Gerade im Gedenken, der Erinnerung und den entstandenen, gemeinsamen Werten sah dann auch Verteidigungsminister Le Drian eine Grundlage für Frankreich und Deutschland, Europa zusammen voranzutreiben. „Die Worte von Roland Henz haben mich sehr berührt“, erklärte Le Drian. „Seine Anwesenheit an diesem Tag ist mehr als ein Symbol.“ Das bestätigte auch David Samzun, Bürgermeister von Saint-Nazaire: „Es ist ein Zeichen für unser gemeinsames Engagement, die deutsch-französische Freundschaft lebendig zu gestalten, ein solidarisches Europa zu schaffen und die gemeinsamen Werte von Demokratie, Freiheit und Gerechtigkeit zu verteidigen.“

Ebenfalls an der Gedenkfeier teil nahmen Delegationen aus dem spanischen Avilés und aus Sunderland in England sowie Schülerinnen und Schüler von allen drei Saarlouiser Gymnasien. Gemeinsam mit ihren Saint-Nazairer Partnerschülern sangen diese am Kriegerdenkmal die Europahymne. „Ihr seid unsere Zukunft, ihr seid unsere Hoffnung“, sagte OB Henz, und nutzte damit den symbolträchtigen Auftritt der Schüler, um auch die folgenden Generationen ihrer Aufgabe zu gemahnen, sich in Zukunft aktiv für die deutsch-französische Freundschaft und den Frieden in Europa und der Welt zu engagieren.

Worte, die berührten: Das war am „Monument aux Morts“ und dem anschließenden Empfang im Rathaus deutlich zu spüren. Immer wieder kamen Menschen auf den Saarlouiser Verwaltungschef zu, um ihm für seine Ansprache zu danken. Eine Frau erklärte, sie und ihr Mann seien beide über 80, die Erinnerungen an die deutsche Besetzung sei ihnen noch immer präsent. Herzlich und sichtlich gerührt reichte sie ihm die Hand: „C’est très juste“, sagte sie – mit seinen Worten habe er es genau getroffen.

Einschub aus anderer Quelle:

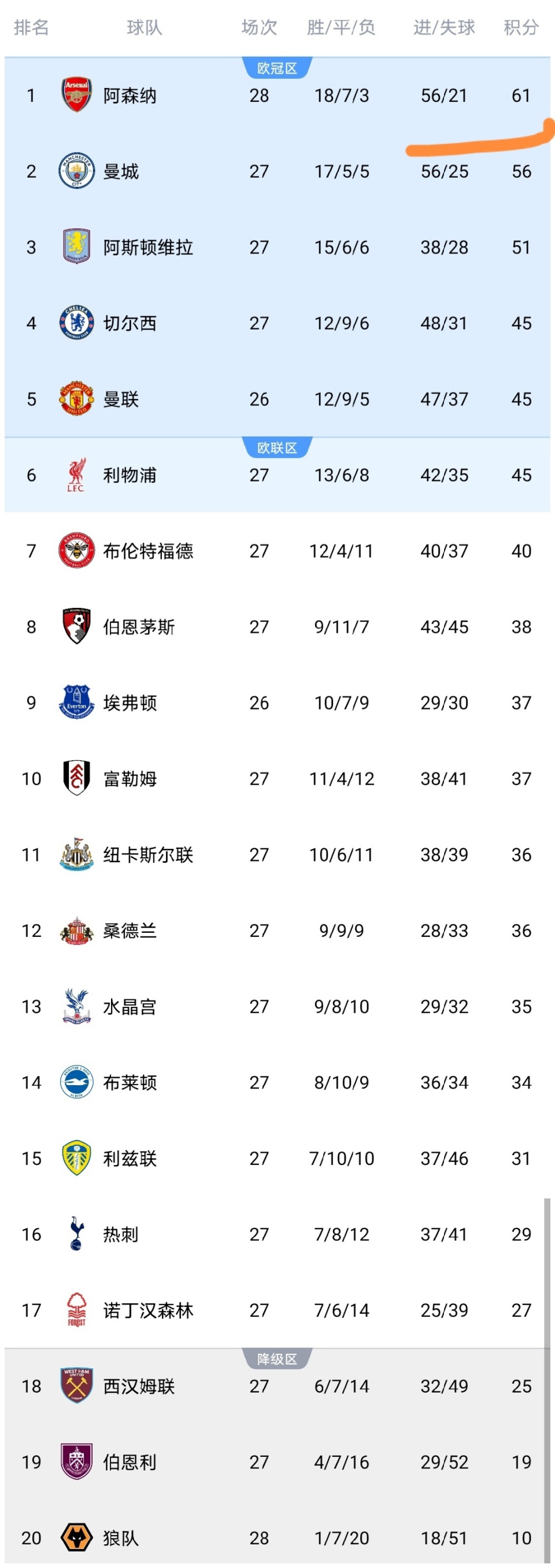 可以看到阿森纳大胜热刺之后,积分上涨到了61分,在多赛一场的情况下,暂时领先第2的曼城队5分,可以说阿森纳继续手握争冠主动权,而热刺输球之后,积分停留在了29分,排名第16,仅领先降级区4分,热刺有降级的风险啊。而利物浦在击败诺丁汉森林队之后,积分上涨到了45分,多赛一场的情况下,暂时追平了曼联。争五进入白热化阶段!
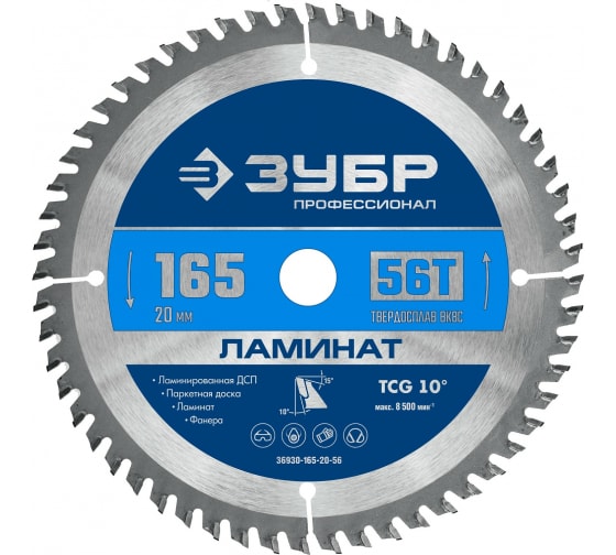 Пильный диск ЗУБР Ламинат, ⌀165 мм x 20 мм ламинат, чистый рез, 56T, 1 шт. (36930-165-20-56)

Das Kriegsende am Atlantik
Rückblick: Im Juni 1944 landen alliierte Truppen in der Normandie, am 3. August nimmt die US-Armee die Stadt Rennes ein. Daraufhin verschanzen sich die Deutschen in den befestigten Häfen der Atlantikküste – darunter auch Saint-Nazaire. Wenige Tage später wird das rund 60 Kilometer entfernte Nantes befreit, doch rund um Saint-Nazaire entsteht eine Frontlinie, die sich auf 1.800 Quadratkilometer erstreckt und damit zur größten Festung, zur sogenannten „poche“, am Atlantik wird. Neun Monate lang sind 32.000 deutsche Soldaten und 124.000 französische Zivilisten in dieser „poche“ von amerikanischen Truppen und den Bataillonen französischer Widerstandskämpfer eingekesselt. Am 8. Mai kapituliert die deutsche Wehrmacht bedingungslos. Hier am Atlantik dauert der Krieg drei Tage länger: Nach langen Monaten der Belagerung, Hunger und Kälte kapitulieren die Kommandanten der Festung Saint-Nazaire erst am 11. Mai 1945 in Bouvron. Im Goldenen Buch der Stadt schreibt Général Charles de Gaulle wenige Wochen später: „Für Saint-Nazaire, das uns Beispiel und Hoffnung gibt“ (A Saint-Nazaire, qui est un exemple et un espoir).